The teacher will also be needed to keep the students to their
tasks, as the Internet offers countless diversions that tend to
be very attractive.
When we look at lifelong learning, open education is also important
to adults that need or want to learn more about a given subject.
They do not really need a teacher to show them the way if they
acquired the learning skills and a critical judgement in their
school days. They can benefit from open education for their professional
work and for making more informed choices, from investments to
voting to spiritual growth. They can also interact with people
from around the globe who share a similar passion, even if it
is for a computer game, experiencing a wider humanity in the process.
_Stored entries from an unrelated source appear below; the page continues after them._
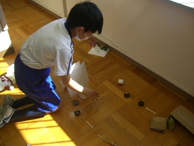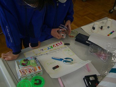 今日は、自分たちが作ったおもちゃで遊びます。前回の中間発表会で気づいた修正点を改善し、パワーアップしたおもちゃを準備しました。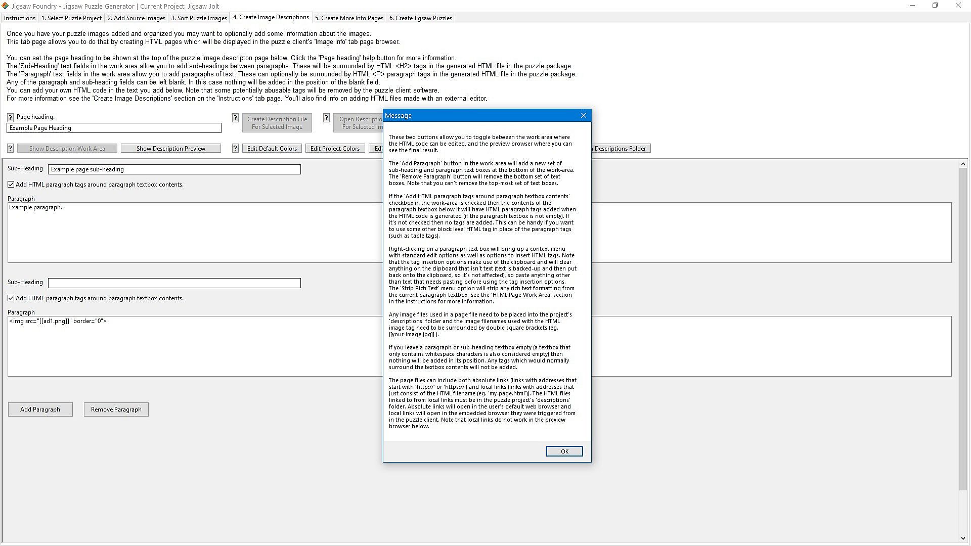 The 'Create Image Descriptions' page lets you create optional description files for each puzzle image. These will show up in the 'Image Info' tab page on the puzzle client. If the images you are using are from a holiday adventure, for example, then this page lets you add more information about each puzzle image to share that adventure with the person completing the puzzle.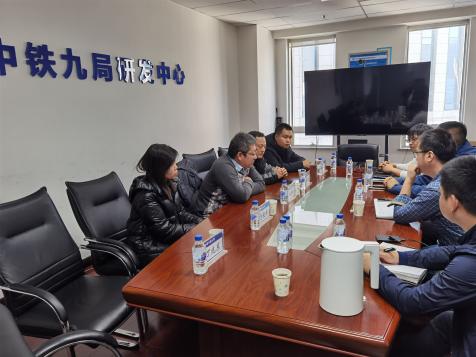 周卫红院长一行受到中铁九局科创部贾有权部长等领导的热烈欢迎,并一同参观了中铁九局苏北梁板厂自动化生产线和自主开发的钢筋捆扎机器人样机。中铁九局苏北梁板厂副经理王立明(科大交通土建2011级毕业生)详细介绍了中铁九局自主研发的CRTSⅢ型后张法轨道板生产线。在中铁九局科创部会议室,双方就智能建造专业行业发展、“3+1”人才培养、实验室建设、智能建造专业人才需求、科研合作、研究生培养等问题进行了深入交流,达成了初步合作意向,确定了推进计划。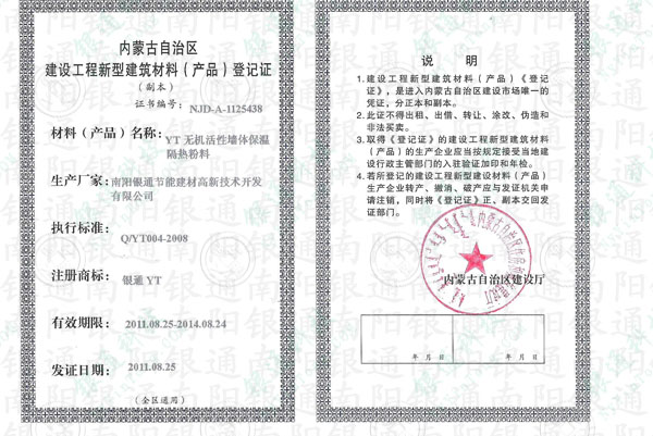 南陽銀通內蒙古自治區建設工程新型建筑材料(產品)登記證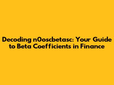 Hey finance enthusiasts! Ever heard the term n0oscbetasc coefficient thrown around and felt a little lost? Don't sweat it – you're in the right place! In this guide, we'll break down the beta coefficient and its role in financial analysis, and investment strategies. We'll make sure you understand how it fits into your world of risk management, portfolio diversification, and stock valuation. Let's dive in and demystify this essential tool! It's super important for navigating the choppy waters of the stock market. Buckle up, and let's get started!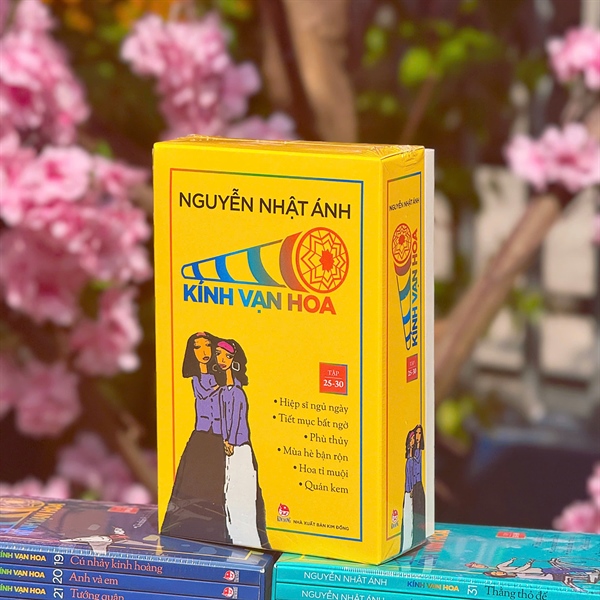 54 tập truyện được đóng thành 9 boxset, mỗi boxset gồm 6 tập. Boxset là hộp cứng, được thiết kế đẹp, bắt mắt, rất thuận lợi để bảo quản và trưng bày sách. Bìa sách 5 màu, chữ và tranh minh họa của họa sĩ Đỗ Hoàng Tường được phủ UV tinh tế, sang trọng. Màu sắc từng tập, từng boxset đều do nhà văn Nguyễn Nhật Ánh lựa chọn để thể hiện đúng tinh thần của Kính Vạn Hoa.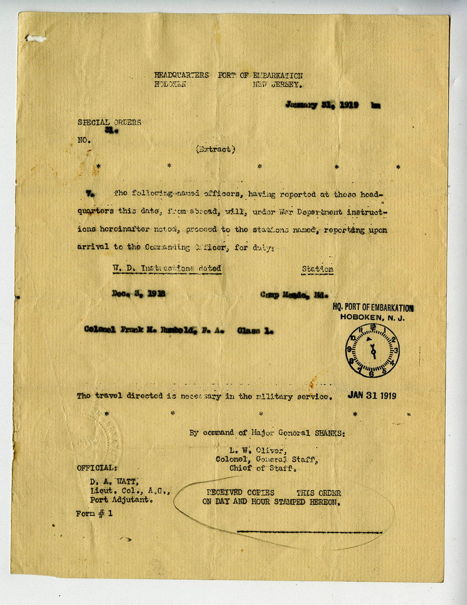 HEADQUARTERS PORT OF EMBARKATION HOBOEN NEW JERSEY. January 31, 1919 SPECIAL ORDERS NO. 31 (Extract) The following named officers, having reported at these headquarters this date, from abroad, will, under War Department instructions hereinafter noted, proceed to the stations named, reporting upon arrival to the Commanding Officer, for duty: W.D. Instructions dated [December] 3, 1918 Station Camp Meade, [Maryland] Colonel Frank M. Rumbold, F.A. Class 1. The travel directed is necessary in the military service. By command of Major General SHANKS: L.W. Oliver, Colonel, General Staff, Chief of Staff. OFFICIAL: D.A. WATT, Lieut. Col., A.G., Port Adjutant. Form #1 RECEIVED COPIES THIS ORDER ON DAY AND HOUR STAMPED HEREON.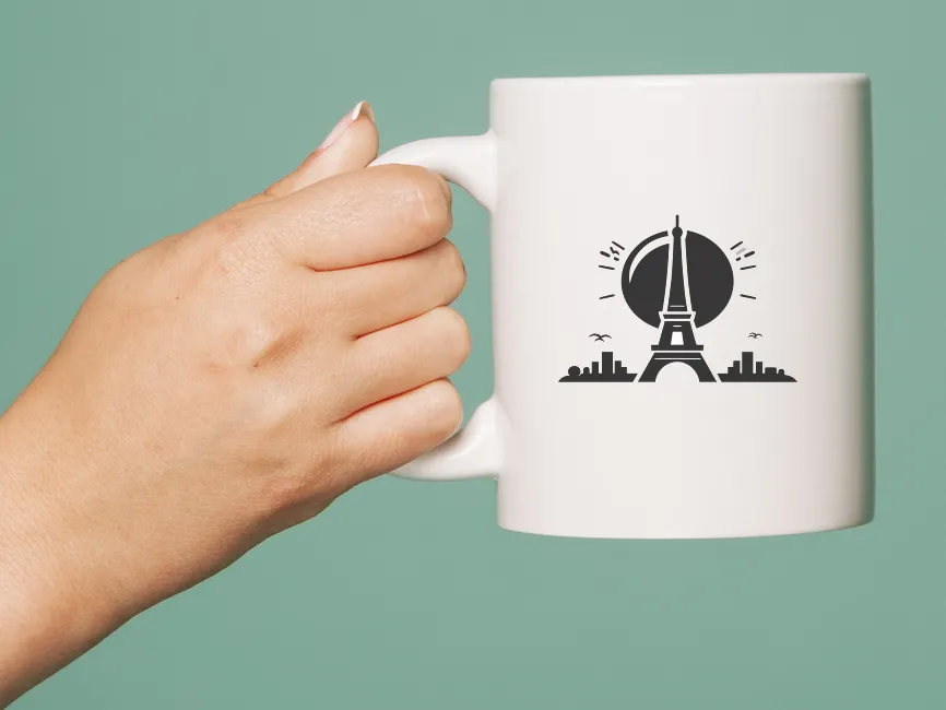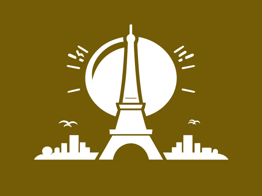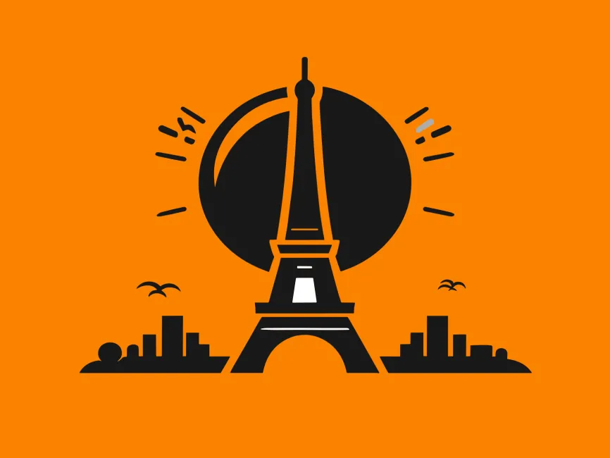 Eiffel Tower Silhouette with Sun vector logo template SVG, PNG and PDF format free Download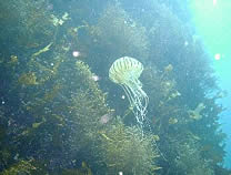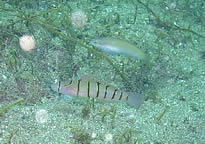 海は穏やか、水温は、水面で20度ウェットで気持ちいいですが・・・ 8メートルあたりにサーモクラインあり、10メートルほどから、 透視度がかなり良くなりましたが、(12メートルほど、水面は8メートルぐらい です。ちなみにホンダワラ攻撃もたまにあるので要注意 注5 ) 寒い!(18度)そうそうに上え上えと行くみんな、 でも40分ほどのダイビングを楽しみました。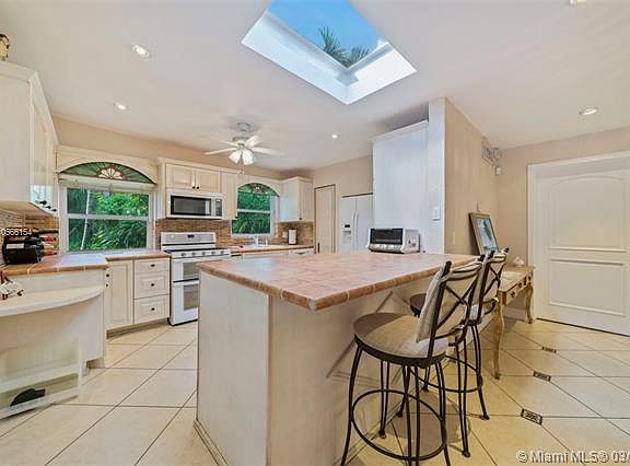 Beautiful 3be/3ba home in prime location of South Miami between miller and Sunset Dr. near St. Thomas the Apostle school & church. Featuring vaulted wood beam ceilings, tile & wood floors, split floor plan. Kitchen has brand new gas range, pantry & eat-in bar. All bedrooms have ensuite bathrooms. Spacious master has bay window that overlooks treetops & serene pond, his/hers closets, large bathroom. 3rd bedroom is used as office w/separate indoor utility room access. Skylights provide an abundance of natural light throughout home. Multi-level family room w fireplace downstairs that leads out to large outdoor wood deck overlooking unique freshwater pond. Very private. Small dogs considered. Easy to show! Minutes from UM. Pest control and monthly interior cleaning included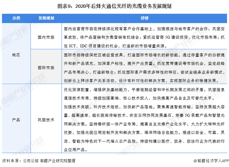 根据公司公告显示,烽火通信的光纤光缆业务的发展规划主要分为两个部分,分别是技术和巩固市场地位。其中,在国内市场,公司在持续深化现有客户合作基础上,加强推进与地市客户的合作;巩固变革成效,将产品营销和方案营销有机结合;紧抓运营商5G建设投资,优化市场布局;抓住ICT、IDC项目建设的机会,打造新的市场增量来源。

If we look at the wider political context, open education has
great advantages from the liberal point of view. It breaks the
monopoly of information that governments often exercise on teaching
content. It thus makes nationalistic projects all the more difficult
to pursue in schools. It will give students access to information
which they need to question things happening around them, and
will thus enable them to become more active and more critical
citizens. Crucially, open education is part and parcel of the
right to information, which is becoming more and more crucial
as a fundamental right in a free society.
As in all human endeavours, there are dangers. Open education
might widen disparities if access is not equally spread; some
people worry that open education will undermine value formation
and foster an anything-goes mentality. It might empower the intellectually
curious and leave the more practical-minded behind.
These are real concerns, but liberals tend to accept them as
a legitimate price to pay. Nothing in human progress is ever unequivocally
good; we always pay some price. But much of what can be said against
open education will be said against the Internet as such. Students
will access it, one way or another. It is far better to let them
access it first with the help of a teacher who teaches them how
to make optimal use of it. Not everyone will use that opportunity,
or use it wisely. That’s the price we pay for freedom. But
on balance, the positive effects of greater empowerment far outweigh
the risks. Remember, knowledge is power. Whenever access to knowledge
is restricted, there is an issue of power behind it –- a
ruling elite will control knowledge in order to maintain power.
If we truly believe that power should be vested in people, not
in elites, anything that increases access to knowledge and deepening
of knowledge is welcome. Open education is thus not just a nifty
tool to enhance skills. It is a way to build a freer society.